Findig Low-Rank Structure in Messy Data

In order to draw inferences from large, high-dimensional datasets, we often seek simple structure that model the phenomena represented in those data. Low-rank linear structure is one of the most flexible and efficient such models, allowing efficient prediction, inference, and anomaly detection. In this talk we will cover at a high level some results in optimization and high-dimensional probability from the last several years that show how to identify low-rank structure in high-dimensional data despite missing and corrupted data. Additionally, we will discuss two new directions for finding low-rank structure in messy real-world data. In the first, we observe every entry of the matrix through a single unknown monotonic transformation. This is common in calibration and quantization problems. We show that matrix completion is still possible in this context and demonstrate a simple algorithm with guarantees. In the second, our vector observations are heteroscedastic, ie, corrupted by one of several noise variances. This is common in problems like sensor networks or medical imaging, where different measurements of the same phenomenon are taken with different quality sensing (eg high or low radiation). We prove recovery results for principal component analysis (PCA) in this context. We show that recovery for a fixed average noise variance is maximized when the noise variances are equal, implying that while average noise variance is often a convenient measure of the overall quality of the data, it gives an overly optimistic estimate of PCA performance.

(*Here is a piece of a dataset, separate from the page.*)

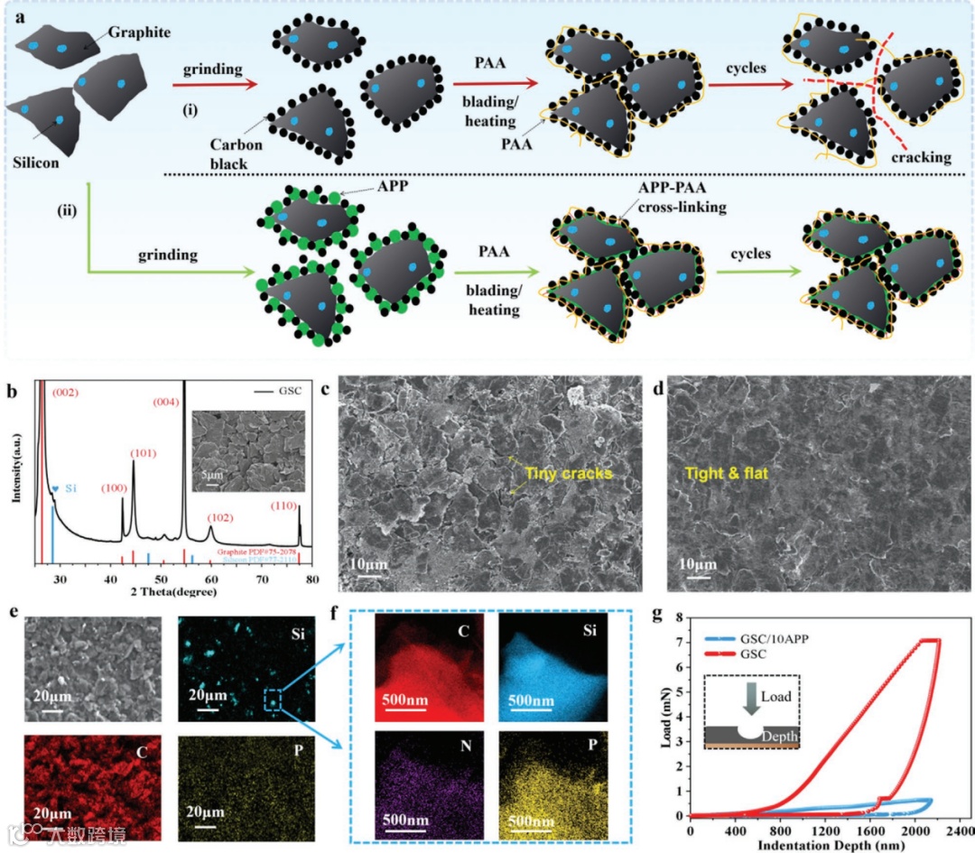 图2 GSC/APP-PAA结构设计与表征。(a)负极制备示意图;(b)GSC复合负极材料XRD图和SEM图(插图);(c)未添加聚磷酸铵APP极片表面SEM图;(d)添加10 wt%APP的负极极片表面形貌图;(c)GSC/APP-PAA表面SEM-EDS图;(f)GSC/APP-PAA局部放大的TEM-EDS图;(g)GSC/PAA与GSC/APP-PAA极片的纳米压痕力学实验。
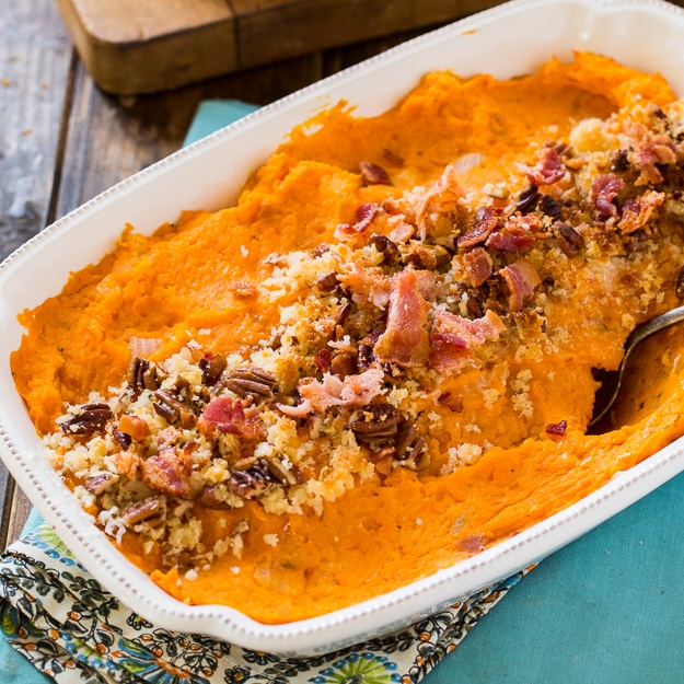 La sabrosa cazuela de boniato se rellena con cebolla, romero y tomillo y se cubre con tocino crujiente y nueces crujientes.

Professor Balzano's research projects are in statistical signal processing, matrix factorization, and optimization, particularly dealing with large and messy data. She has worked in the areas of online algorithms, non-convex formulations for matrix factorization, compressed sensing and matrix completion, network inference, and sensor networks. Her interests are theoretical, however, her favorite mathematical problems are motivated by fascinating and important engineering problems.